Allaberdiev Bobur, Matlatipov Gayrat, Kuriyozov Elmurod, Rakhmonov Zafar
National University of Uzbekistan named after Mirzo Ulugbek, Universitet Street, 4, Olmazor district, 100174, Tashkent city, Uzbekistan.
Urgench State University, Khamid Alimdjan, 14, 220100, Urgench City, Uzbekistan.
Data Brief. 2024 Feb 15;53:110194. doi: 10.1016/j.dib.2024.110194. eCollection 2024 Apr.

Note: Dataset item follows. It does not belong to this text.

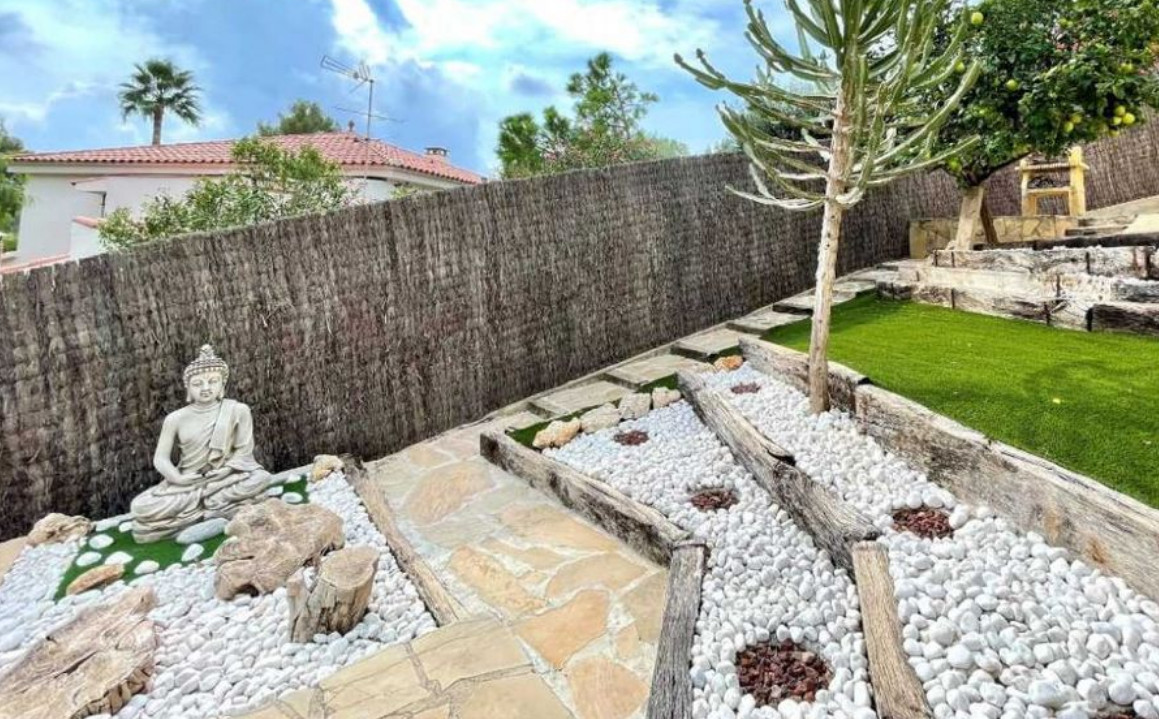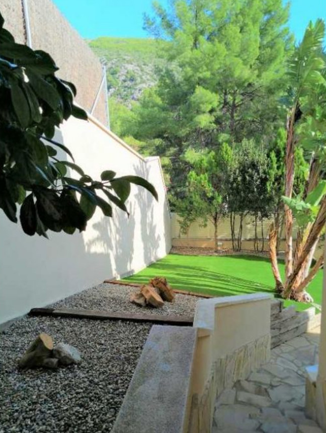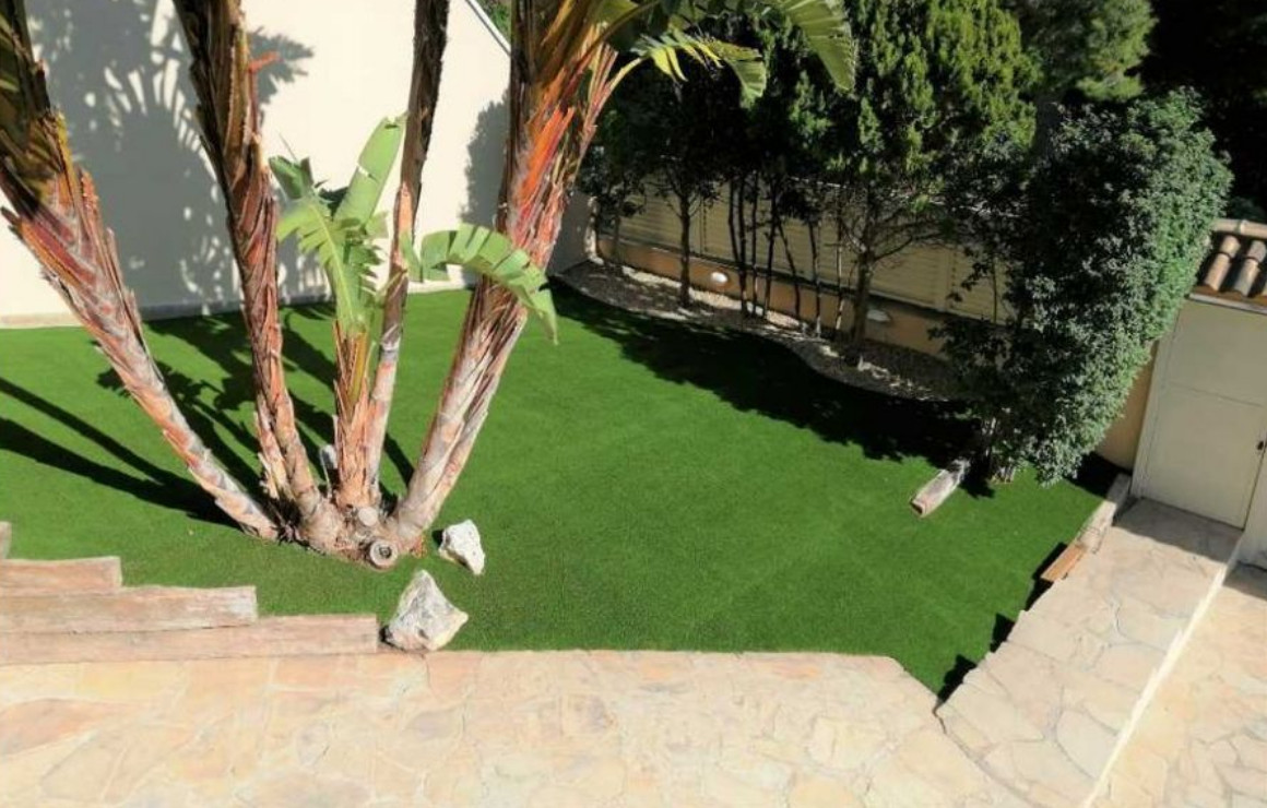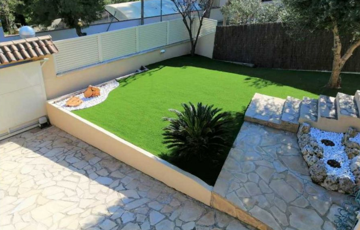 Участок рядом с домом площадью 614 м2. На этой территории красивый сад с различными деревьями и кустарниками. Сад не требует особого ухода, так как его окружает искусственная трава, натуральный камень и набивной цемент. Здесь также есть зона барбекю и достаточно места, чтобы при желании построить бассейн.

This paper presents a parallel corpus of raw texts between the Uzbek and Kazakh languages as a dataset for machine translation applications, focusing on the data collection process, dataset description, and its potential for reuse. The dataset-building process includes three separate stages, starting with a tiny portion of already available parallel data, then some more compiled from openly available resources like literature books, and web news texts, which were aligned using the sentence alignment method, encompassing a wide range of topics and genres. Finally, the majority of the dataset was taken from a raw text corpus in Uzbek and manually translated into Kazakh by a group of experts who are fluent in both languages. The resulting parallel corpus serves as a valuable resource for researchers and practitioners interested in Kazakh and Uzbek language processing tasks, particularly in the context of neural machine translation, where the presented data can be used for testing the rule-based machine translation models, or it can be used for both training statistical and neural machine translation models as well. The dataset has been made accessible through the widely recognized Hugging Face platform, a repository known for facilitating collaborative efforts and advancing Natural Language Processing (NLP) applications. This combination of methods to obtain a parallel corpus plays as a pivot for other languages among other low-resource Turkic languages.
本文展示了乌兹别克语和哈萨克语之间的原始文本平行语料库,作为机器翻译应用的数据集,重点介绍了数据收集过程、数据集描述及其重用潜力。数据集构建过程包括三个独立阶段,首先是一小部分已有的平行数据,然后是从文学书籍和网络新闻文本等公开可用资源中编译的更多数据,这些数据使用句子对齐方法进行对齐,涵盖广泛的主题和体裁。最后,数据集中的大部分内容取自乌兹别克语的原始文本语料库,并由一组精通这两种语言的专家手动翻译成哈萨克语。由此产生的平行语料库为对哈萨克语和乌兹别克语语言处理任务感兴趣的研究人员和从业人员提供了宝贵资源,特别是在神经机器翻译的背景下,所呈现的数据可用于测试基于规则的机器翻译模型,也可用于训练统计机器翻译模型和神经机器翻译模型。该数据集已通过广为人知的Hugging Face平台提供,该平台是一个以促进合作努力和推进自然语言处理(NLP)应用而闻名的存储库。这种获取平行语料库的方法组合在其他低资源突厥语族语言中对其他语言起到了关键作用。